Thus, the animal symbol does not merely express political meaning; it also helps frame political behavior within categories and constructs on the basis of which particular expectations can be built. When a leader, state, or group describes itself as a lion or a fox, the issue is not only the transfer of an animal attribute to the human world. The description also leads us to understand and interpret the behavioral traits of the political actor: ferocity in the case of the lion, cunning in the case of the fox. It then shapes our expectations of how that actor may respond to future situations.
As the animal attribute becomes continuously associated with the political actor, it becomes part of his public image and legitimacy before the audience. This may push him to conform to that image when making decisions or adopting positions, in a dynamic resembling a self-fulfilling prophecy. Accepting an animal metaphor in a political context may therefore help explain subsequent events through the automatic orientation of future behavior.
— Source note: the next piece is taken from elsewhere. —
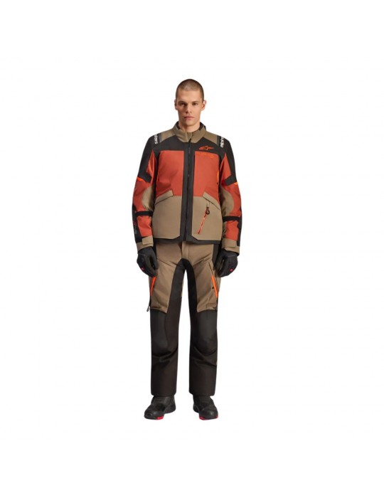 Jacket ALPINESTARS Andes V4 Drystar walnut / rust / black. The Andes v4 Drystar® Jacket combines advanced functionality with sleek, modern styling that both adventure riders and commuters will appreciate for its practicality and all-weather performance. Alpinestars' Drystar® construction ensures 100% waterproof protection and breathability for riding in any weather condition.

Here we may return to the Israeli example mentioned at the beginning of this analysis. The choice of “the roaring lion” as a symbol for Israel’s recent war against Iran implicitly formulates a behavioral tendency toward the use of force and toward ferocious conduct, unconstrained by normative limits, in the pursuit of political objectives. Netanyahu and the Israeli far right seek to embody this political meaning and behavioral framing to preserve their image before supporters and opponents alike.
This may make it possible to anticipate their reactions in future crises, while keeping in mind that understanding the behavioral characteristics of a political actor is only one tool among many complex and interconnected instruments of political forecasting.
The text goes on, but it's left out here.